From Versailles and Vietnam.
After reading George Eliot's novel Adam Bede, British philosopher
Herbert Spencer commented, "I feel greatly the better for
having read it." Might this not be a reasonable test for
at least some of the books on our English reading lists? Why not
replace Ernest Hemingway's The Sun Also Rises and its cynical
expatriates with For Whom the Bell Tolls, about a brave soldier
fighting fascism in the Spanish Civil War?
Antiheroes
currently have too big a role in the English curriculum, particularly
in realistic juvenile novels. By questioning convention and exposing
hypocrisy, antiheroes can be appealing and even useful. They test
our ideals to make sure they are not shallow. Falstaff's mockery
of military honor leads us to a more realistic definition of courage.
Albert Camus' The Stranger helps us understand the allure of Mersault's
detached nihilism and the need human beings have for connection
and purpose. Antiheroes permit us to explore our dark side safely.
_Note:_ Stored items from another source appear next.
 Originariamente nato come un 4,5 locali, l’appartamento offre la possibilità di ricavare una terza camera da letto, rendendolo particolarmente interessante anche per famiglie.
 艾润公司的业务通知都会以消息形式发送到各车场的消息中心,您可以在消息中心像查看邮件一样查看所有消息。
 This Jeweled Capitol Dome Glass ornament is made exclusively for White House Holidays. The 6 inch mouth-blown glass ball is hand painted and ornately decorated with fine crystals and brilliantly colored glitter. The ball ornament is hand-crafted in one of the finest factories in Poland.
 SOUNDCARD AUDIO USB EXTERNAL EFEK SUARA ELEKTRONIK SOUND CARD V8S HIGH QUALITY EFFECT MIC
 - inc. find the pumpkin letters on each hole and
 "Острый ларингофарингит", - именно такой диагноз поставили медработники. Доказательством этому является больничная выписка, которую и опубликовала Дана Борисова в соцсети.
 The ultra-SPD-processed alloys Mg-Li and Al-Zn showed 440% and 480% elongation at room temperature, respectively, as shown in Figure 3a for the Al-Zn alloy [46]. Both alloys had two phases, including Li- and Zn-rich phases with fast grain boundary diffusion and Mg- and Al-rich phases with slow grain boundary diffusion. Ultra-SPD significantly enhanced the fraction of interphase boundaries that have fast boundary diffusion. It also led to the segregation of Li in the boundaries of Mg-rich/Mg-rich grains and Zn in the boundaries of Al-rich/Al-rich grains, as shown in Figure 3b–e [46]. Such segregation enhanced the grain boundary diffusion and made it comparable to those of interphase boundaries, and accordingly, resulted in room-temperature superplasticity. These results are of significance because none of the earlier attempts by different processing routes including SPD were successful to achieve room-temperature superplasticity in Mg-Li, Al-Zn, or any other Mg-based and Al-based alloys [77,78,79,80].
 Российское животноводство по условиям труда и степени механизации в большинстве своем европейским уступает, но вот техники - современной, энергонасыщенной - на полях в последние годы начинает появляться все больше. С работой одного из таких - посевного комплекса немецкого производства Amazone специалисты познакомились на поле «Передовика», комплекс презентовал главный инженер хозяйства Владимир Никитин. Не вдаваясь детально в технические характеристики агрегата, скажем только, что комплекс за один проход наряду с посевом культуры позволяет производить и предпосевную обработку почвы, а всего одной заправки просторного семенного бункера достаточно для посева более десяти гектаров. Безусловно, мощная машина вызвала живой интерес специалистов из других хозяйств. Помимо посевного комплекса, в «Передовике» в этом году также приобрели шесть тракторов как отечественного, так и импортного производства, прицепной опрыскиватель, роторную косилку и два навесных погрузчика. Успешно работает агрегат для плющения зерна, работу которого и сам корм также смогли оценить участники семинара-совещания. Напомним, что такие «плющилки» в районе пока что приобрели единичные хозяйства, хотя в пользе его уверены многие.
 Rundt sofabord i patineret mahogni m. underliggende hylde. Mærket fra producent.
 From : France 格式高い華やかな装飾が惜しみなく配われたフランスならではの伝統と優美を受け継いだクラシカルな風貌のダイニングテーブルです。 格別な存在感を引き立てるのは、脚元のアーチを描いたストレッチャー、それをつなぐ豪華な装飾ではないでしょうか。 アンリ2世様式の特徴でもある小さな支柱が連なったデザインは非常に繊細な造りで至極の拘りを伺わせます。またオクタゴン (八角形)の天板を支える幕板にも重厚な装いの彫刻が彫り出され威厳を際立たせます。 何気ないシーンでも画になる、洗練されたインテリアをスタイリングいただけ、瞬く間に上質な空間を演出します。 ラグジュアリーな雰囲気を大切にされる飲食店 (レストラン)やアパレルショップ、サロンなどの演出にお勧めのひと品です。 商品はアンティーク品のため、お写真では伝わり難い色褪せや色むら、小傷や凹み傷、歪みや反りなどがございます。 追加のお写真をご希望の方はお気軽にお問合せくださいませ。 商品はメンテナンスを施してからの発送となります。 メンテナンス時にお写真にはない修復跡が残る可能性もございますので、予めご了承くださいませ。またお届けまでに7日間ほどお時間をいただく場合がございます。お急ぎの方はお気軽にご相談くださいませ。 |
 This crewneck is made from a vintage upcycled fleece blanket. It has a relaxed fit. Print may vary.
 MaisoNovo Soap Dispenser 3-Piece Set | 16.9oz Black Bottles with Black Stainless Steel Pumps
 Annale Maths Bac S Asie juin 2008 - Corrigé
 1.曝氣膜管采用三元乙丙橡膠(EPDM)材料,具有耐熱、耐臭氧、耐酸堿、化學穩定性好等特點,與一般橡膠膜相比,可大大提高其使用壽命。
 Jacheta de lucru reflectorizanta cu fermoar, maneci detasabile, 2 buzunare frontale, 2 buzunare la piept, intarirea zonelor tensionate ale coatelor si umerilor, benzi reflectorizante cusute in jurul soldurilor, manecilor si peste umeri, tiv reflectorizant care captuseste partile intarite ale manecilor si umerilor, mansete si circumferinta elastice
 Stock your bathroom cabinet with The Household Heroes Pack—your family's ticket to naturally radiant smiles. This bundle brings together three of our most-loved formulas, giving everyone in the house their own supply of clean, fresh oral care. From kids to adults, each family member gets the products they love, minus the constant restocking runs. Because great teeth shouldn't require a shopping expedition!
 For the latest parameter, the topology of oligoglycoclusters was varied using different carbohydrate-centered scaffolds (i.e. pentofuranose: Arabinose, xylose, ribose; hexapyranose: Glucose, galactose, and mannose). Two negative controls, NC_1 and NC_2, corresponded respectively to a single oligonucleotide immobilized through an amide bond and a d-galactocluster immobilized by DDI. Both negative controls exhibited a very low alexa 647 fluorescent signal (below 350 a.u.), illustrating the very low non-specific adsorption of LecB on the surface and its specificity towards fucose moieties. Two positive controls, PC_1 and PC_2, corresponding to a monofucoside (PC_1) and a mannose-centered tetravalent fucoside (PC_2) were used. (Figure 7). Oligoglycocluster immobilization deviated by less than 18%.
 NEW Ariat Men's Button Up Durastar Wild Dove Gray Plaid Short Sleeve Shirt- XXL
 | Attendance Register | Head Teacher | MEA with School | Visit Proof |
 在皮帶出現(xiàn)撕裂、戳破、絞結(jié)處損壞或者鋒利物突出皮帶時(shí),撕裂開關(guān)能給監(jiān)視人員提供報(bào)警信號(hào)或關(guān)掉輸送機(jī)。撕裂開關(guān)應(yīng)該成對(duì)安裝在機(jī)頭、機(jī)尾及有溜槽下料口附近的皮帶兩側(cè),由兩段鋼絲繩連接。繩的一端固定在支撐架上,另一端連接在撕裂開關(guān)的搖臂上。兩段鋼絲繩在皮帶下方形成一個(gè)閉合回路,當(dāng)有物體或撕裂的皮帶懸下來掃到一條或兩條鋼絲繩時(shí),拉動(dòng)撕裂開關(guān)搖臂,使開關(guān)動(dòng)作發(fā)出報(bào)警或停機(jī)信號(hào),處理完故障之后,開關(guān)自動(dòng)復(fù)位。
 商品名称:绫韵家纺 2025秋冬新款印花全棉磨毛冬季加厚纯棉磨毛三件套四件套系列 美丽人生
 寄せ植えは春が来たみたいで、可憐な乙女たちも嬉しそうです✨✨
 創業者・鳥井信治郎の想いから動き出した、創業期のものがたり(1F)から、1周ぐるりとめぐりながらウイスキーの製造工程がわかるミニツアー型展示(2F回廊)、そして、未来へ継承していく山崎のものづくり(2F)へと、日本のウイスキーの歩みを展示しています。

But antiheroes can be dangerous when, instead of seeing them as
characters to be wary of, we are seduced into antisocial behavior.
Critical
inquiry, the reigning goal of contemporary education, is only
one goal, and for much of U.S. history, encouraging virtue was
considered a more important one. Horace Mann, today remembered
as the father of public education, exhorted teachers to make their
students good as well as smart. Should Socratic dialogue mean
that there is no truth and that adults never have answers? Can
the promotion of idealism and the cultivation of optimism be as
worthy a goal as critical inquiry? In a bureaucratic age, we should
celebrate individual achievement; in an egalitarian age, praise
genius; when everyone is a victim, stress personal responsibility;
in addition to popular culture, value high culture. In a celebrity
age, caution young people about worshiping fame and beauty; in
a society mesmerized by athletes, recall the moral language of
sport.
Heroes
are a response to a deep and powerful impulse, the need to emulate
and idealize. We need to teach students that character is as important
as intellect, that idealism is superior to cynicism, that wisdom
should come before information. We need to teach them to be realistic
and affirming, to see life not only as it is but also as it ought
to be.
Peter
H. Gibbon is a research associate at the Harvard Graduate School
of Education. His book,A Call to Heroism: Renewing America's Vision
of Greatness, will be published in July by Atlantic Monthly Press.